I have a dataset with food items, I need a function to format the different names of 1 fruit to one single name. For example, dataset has Red Apple, Dried Apple, Green Apple, I want all these to rename to Apple. There are many different types of food. I am new to R. I need a function that says rename value to Apple if it has Apple in it.

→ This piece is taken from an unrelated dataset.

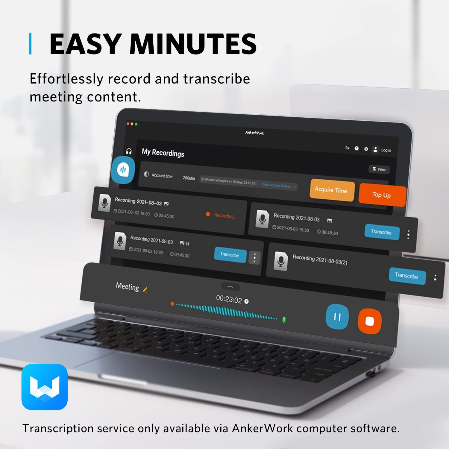 600 minutes of meeting recording transcription are included, valid for 2 months from activation. Further use requires an additional fee.
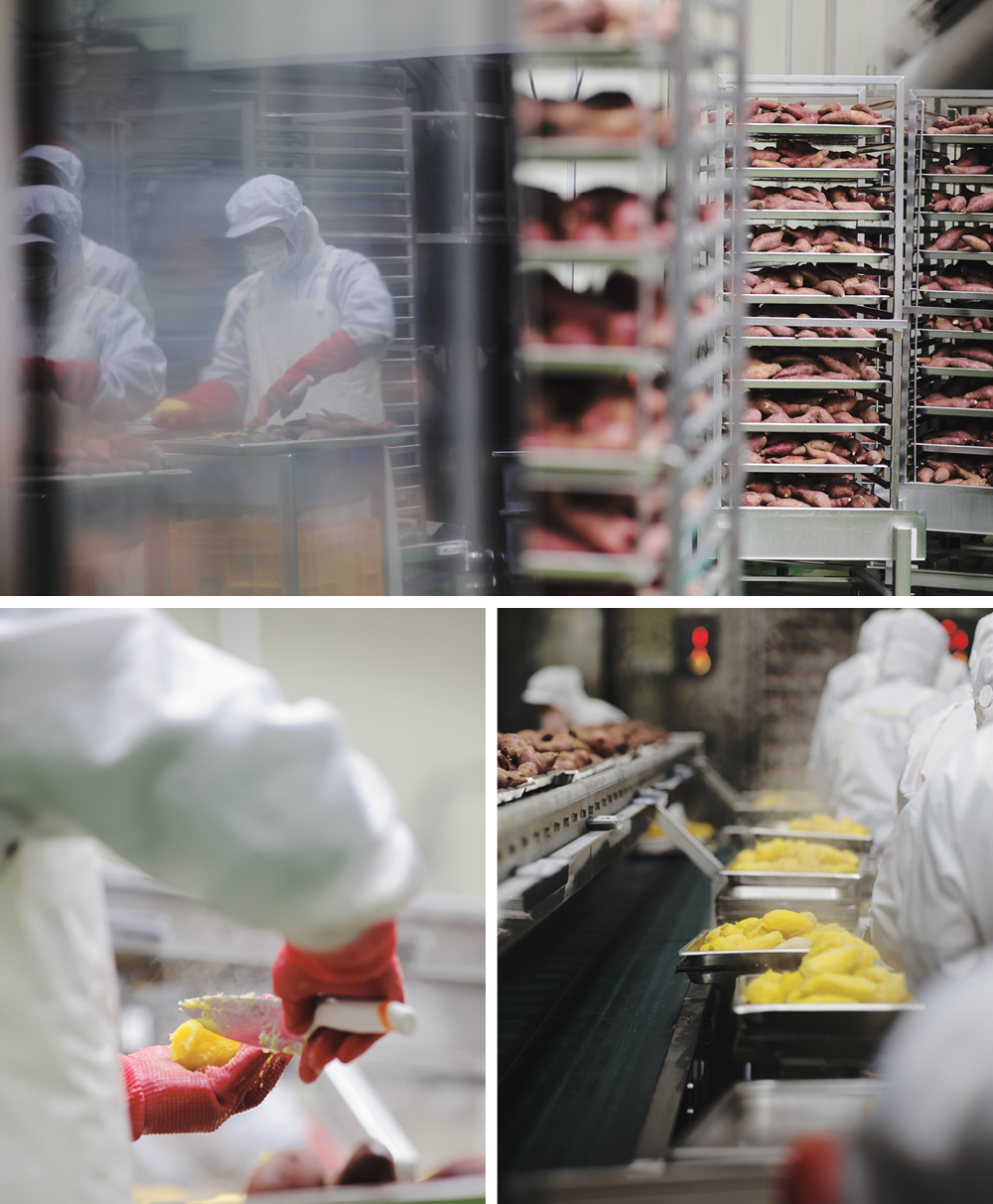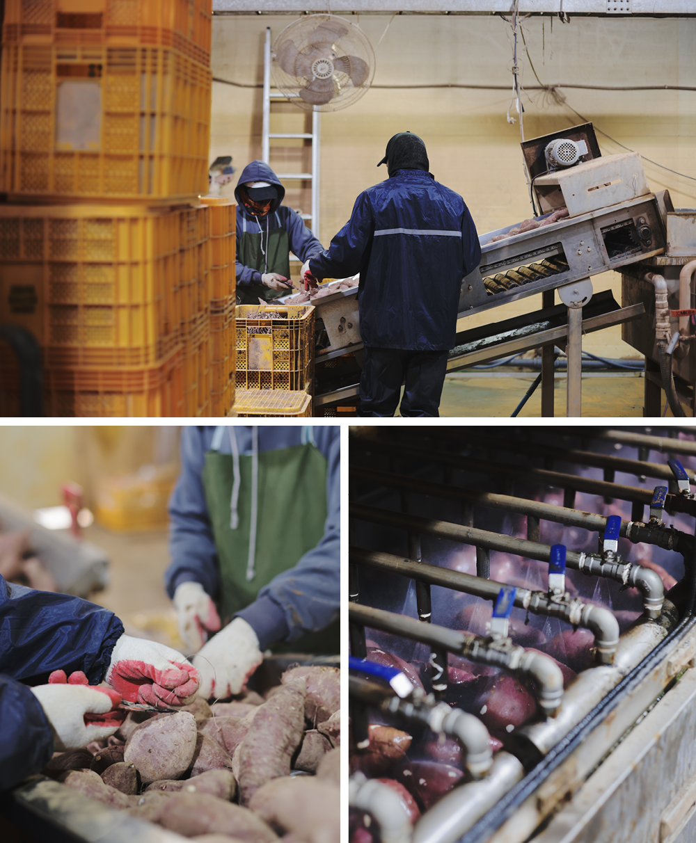 공정을 자세히 들여다볼까요. 밭에서 나온, 아직 흙이 고대로 묻어 있는 꿀고구마를 우선 고창의 지하수로 깨끗이 세척합니다. 이 원물을 열풍 건조한 뒤, 중량과 모양에 따라 일일이 수작업으로 분류하죠. 기계를 이용하면 껍질이 손상되기에 모두 사람의 손으로 분류해야 합니다. 껍질이 손상되면 상품가치도 떨어지지만 무엇보다 맛이 변질되니까요.

CodePudding user response:
It will be easier to show if you have some reproducible data. You can use gsub
with a pattern that removes all the characters before the space in for example "Red Apple" to "Apple. You can use the following code:
items <- c("Red Apple", "Dried Apple", "Green Apple")
gsub(".* ", "", items)
Output:
[1] "Apple" "Apple" "Apple"
As you can see, it returns for all Apple
.
CodePudding user response:
Is this what you're looking for:
dat <- data.frame(fruit=c("Red Apple", "Dried Apple", "Green Apple",
"Orange", "Dried Orange", "Pink Grapefruit",
"White Grapefruit", "Pear"))
library(dplyr)
#>
#> Attaching package: 'dplyr'
#> The following objects are masked from 'package:stats':
#>
#> filter, lag
#> The following objects are masked from 'package:base':
#>
#> intersect, setdiff, setequal, union
library(stringr)
dat <- dat %>%
mutate(fruit_new = case_when(
str_detect(fruit, "Apple") ~ "Apple",
str_detect(fruit, "Orange") ~ "Orange",
str_detect(fruit, "Grapefruit") ~ "Grapefruit",
TRUE ~ fruit))
dat
#> fruit fruit_new
#> 1 Red Apple Apple
#> 2 Dried Apple Apple
#> 3 Green Apple Apple
#> 4 Orange Orange
#> 5 Dried Orange Orange
#> 6 Pink Grapefruit Grapefruit
#> 7 White Grapefruit Grapefruit
#> 8 Pear Pear
Created on 2022-04-23 by the reprex package (v2.0.1)
CodePudding user response:
A possible solution:
x <- c("Red Apple", "Dried Apple", "Green Apple", "Purple Grapes", "Green Grapes", "Banana")
sub(".*(Apple|Grapes).*", "\\1", x)
# [1] "Apple" "Apple" "Apple" "Grapes" "Grapes" "Banana"